*Exercise details*
Give the lines again exactly as they appear below, from the line with "NWT - Men's" to the line with "Rok Kerja Panjang", both included, and only those lines. Leave every picture out.

Entries provided START

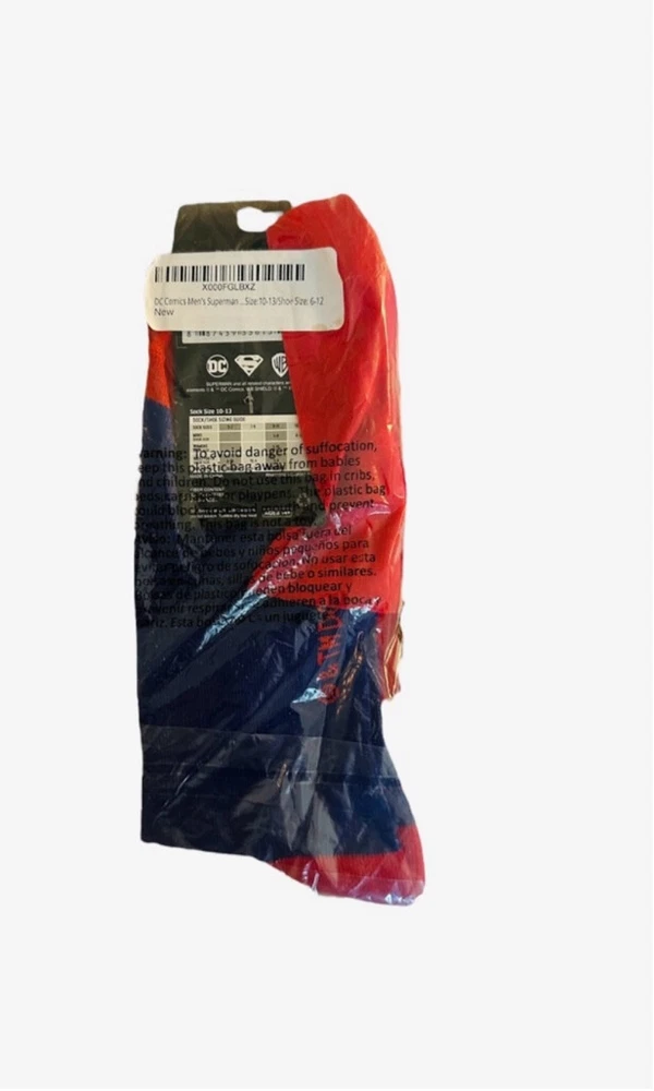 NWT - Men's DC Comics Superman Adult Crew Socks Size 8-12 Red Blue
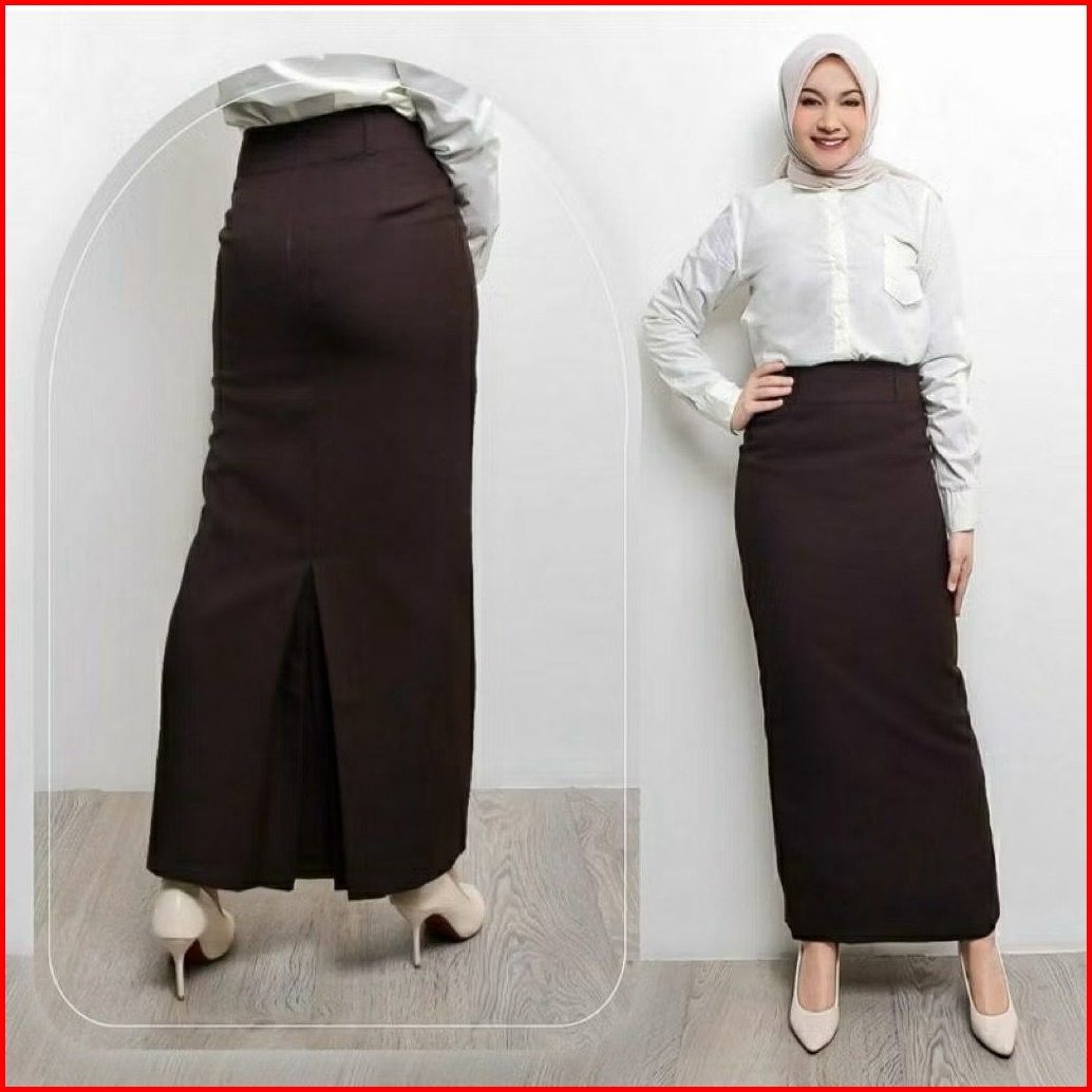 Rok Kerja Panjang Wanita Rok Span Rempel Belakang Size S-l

Entries provided END
Entries provided START

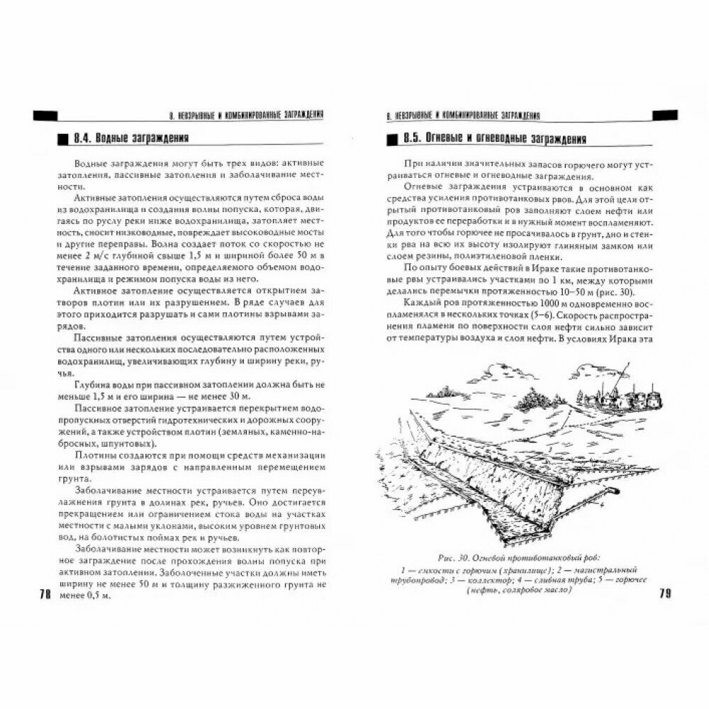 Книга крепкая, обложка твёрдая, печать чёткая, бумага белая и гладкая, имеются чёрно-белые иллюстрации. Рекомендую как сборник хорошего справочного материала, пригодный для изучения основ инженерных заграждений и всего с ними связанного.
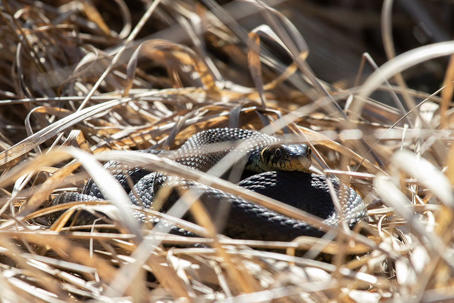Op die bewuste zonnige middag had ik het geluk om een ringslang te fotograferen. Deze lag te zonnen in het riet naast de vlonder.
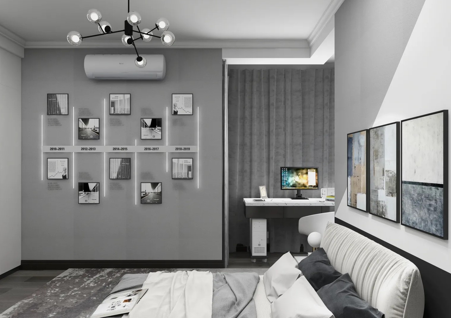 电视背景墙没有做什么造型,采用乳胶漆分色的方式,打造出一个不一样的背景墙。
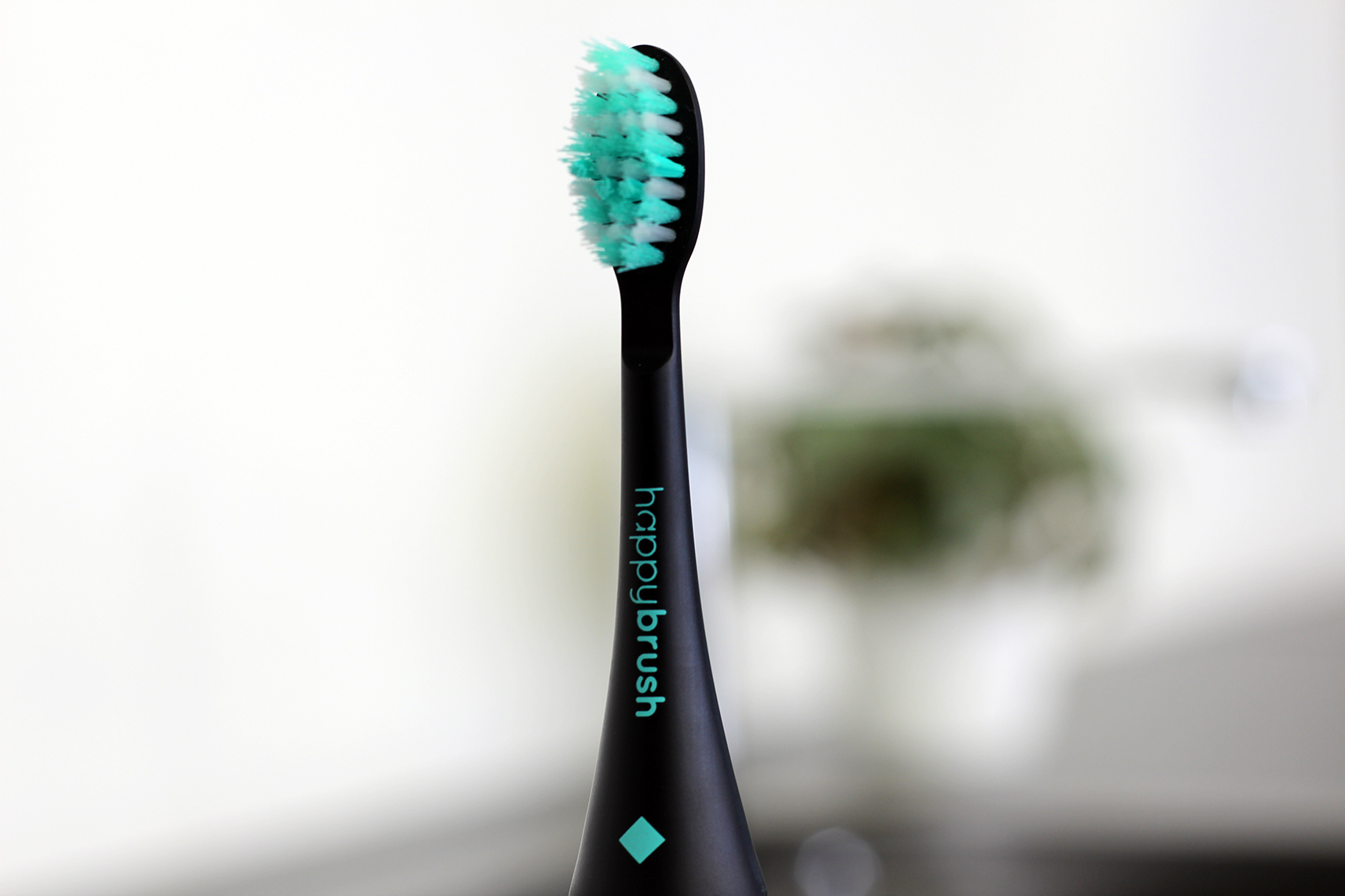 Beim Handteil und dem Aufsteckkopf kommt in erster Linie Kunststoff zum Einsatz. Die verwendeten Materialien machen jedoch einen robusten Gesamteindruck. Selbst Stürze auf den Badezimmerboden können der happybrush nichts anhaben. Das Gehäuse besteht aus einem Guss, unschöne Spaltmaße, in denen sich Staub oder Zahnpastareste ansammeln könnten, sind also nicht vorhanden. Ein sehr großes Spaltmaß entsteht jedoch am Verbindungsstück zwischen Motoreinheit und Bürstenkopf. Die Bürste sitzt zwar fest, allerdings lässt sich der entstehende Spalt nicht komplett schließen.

Entries provided END

*Reply to the exercise*
 NWT - Men's DC Comics Superman Adult Crew Socks Size 8-12 Red Blue
 Rok Kerja Panjang Wanita Rok Span Rempel Belakang Size S-l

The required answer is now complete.